Erdogan Visits Putin in Sochi Aiming to Revive Ukraine Grain Deal

Erdogan Visits Putin in Sochi Aiming to Revive Ukraine Grain Deal
Russian President Vladimir Putin, right, gestures as he speaks to Turkish President Recep Tayyip Erdogan during their meeting at Russia's Black Sea resort of Sochi, Russia, Monday, Sept. 4, 2023. (Sergei Guneyev, Kremlin Pool Photo via AP)

SOCHI - On September 4, 2023, talks commenced between Russian President Vladimir Putin and his Turkish counterpart, Recep Tayyip Erdogan, in the picturesque setting of Sochi, Russia. The primary focus? The Ukrainian grain exports via the Black Sea.

The meeting marked nearly two months since Russia's unexpected departure from a joint UN and Turkey agreement. This pact permitted Ukraine to export grain and other essential commodities from three of its pivotal Black Sea ports, even amidst the ongoing war with Russia.

"Everyone is looking at the grain corridor issue," stated Erdogan, highlighting the global anticipation surrounding this deal. In response, Putin remarked, "We are open to negotiations on this question."

Al Jazeera's Dorsa Jabbari, reporting directly from Sochi, revealed that high-level discussions involving the central bank chiefs of both Turkey and Russia were also taking place. These sideline talks aimed to finalize payment methodologies concerning the Black Sea grain export deal.

With a history of friendship, both Putin and Erdogan are at a crucial juncture. The stakes? The global food supply. "This meeting is a critical point for both to reach an agreement, especially on the grain deal, which affects world food supplies,” Jabbari noted.

However, predictions from experts hint at challenging negotiations. "My gut feeling is that Putin recognises the leverage he has by using food as an economic weapon and will fight for all he can get in terms of concessions on his wish list," commented Tim Benton of the Chatham House think tank. He speculates these concessions could range from Russia's own grain and fertiliser exports to broader geopolitical issues.

The initial deal intended to curb the spiraling global food crisis by enabling the smooth flow of Ukrainian grain from its ports during the prevailing conflict. It's noteworthy that both Russia and Ukraine are dominant figures in the global agricultural arena, influencing markets from wheat, barley, and corn to rapeseed and sunflower oil.

Recently, Putin has expressed Russia's potential return to the grain agreement if the West intervenes and facilitates Russian food and fertiliser exports, currently facing numerous challenges. UN's Antonio Guterres mentioned last week about dispatching a series of "concrete proposals" to Sergey Lavrov, Russia's Foreign Minister, with hopes of reinvigorating the deal.

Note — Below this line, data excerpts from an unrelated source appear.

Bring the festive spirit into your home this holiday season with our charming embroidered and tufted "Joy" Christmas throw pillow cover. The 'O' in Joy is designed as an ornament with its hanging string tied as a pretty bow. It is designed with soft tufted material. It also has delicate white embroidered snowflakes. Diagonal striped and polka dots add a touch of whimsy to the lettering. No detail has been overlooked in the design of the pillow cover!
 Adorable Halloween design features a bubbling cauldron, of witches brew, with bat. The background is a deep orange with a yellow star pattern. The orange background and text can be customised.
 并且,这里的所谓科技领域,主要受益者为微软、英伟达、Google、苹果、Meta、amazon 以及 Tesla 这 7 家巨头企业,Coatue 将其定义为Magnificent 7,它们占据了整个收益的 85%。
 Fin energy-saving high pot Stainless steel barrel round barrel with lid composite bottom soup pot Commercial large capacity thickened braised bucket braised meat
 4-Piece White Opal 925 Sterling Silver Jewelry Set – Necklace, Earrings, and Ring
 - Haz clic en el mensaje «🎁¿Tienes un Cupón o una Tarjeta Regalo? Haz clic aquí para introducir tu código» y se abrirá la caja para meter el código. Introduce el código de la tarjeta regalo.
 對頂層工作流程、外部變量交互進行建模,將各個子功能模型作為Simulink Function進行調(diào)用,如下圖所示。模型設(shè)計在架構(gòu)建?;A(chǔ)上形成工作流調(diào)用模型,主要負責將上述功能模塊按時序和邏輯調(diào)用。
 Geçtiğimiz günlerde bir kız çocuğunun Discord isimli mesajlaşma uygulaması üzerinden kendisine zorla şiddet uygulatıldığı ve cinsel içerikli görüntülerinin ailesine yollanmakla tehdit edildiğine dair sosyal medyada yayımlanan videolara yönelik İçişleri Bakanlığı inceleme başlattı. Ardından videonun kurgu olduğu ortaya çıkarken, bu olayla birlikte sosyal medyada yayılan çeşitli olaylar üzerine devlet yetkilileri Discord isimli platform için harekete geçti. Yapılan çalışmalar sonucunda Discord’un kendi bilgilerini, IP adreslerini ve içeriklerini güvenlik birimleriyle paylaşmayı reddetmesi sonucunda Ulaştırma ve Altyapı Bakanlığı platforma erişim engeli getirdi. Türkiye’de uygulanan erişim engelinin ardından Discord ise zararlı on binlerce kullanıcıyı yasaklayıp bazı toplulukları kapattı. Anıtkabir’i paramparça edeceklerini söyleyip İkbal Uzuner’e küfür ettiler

However, the Russian Ministry of Foreign Affairs struck a cautionary note, with spokesperson Maria Zakharova asserting that the demands as inferred by the agreement remain unmet from the earlier deal.

In a concerning development post their July exit from the grain deal, Russia has intensified its military presence, targeting Ukrainian ports and broadly viewing vessels in the Black Sea as potential military threats. In response, Ukraine has devised a "humanitarian corridor," a safer alternative skirting the shores of neighbouring Romania and Bulgaria.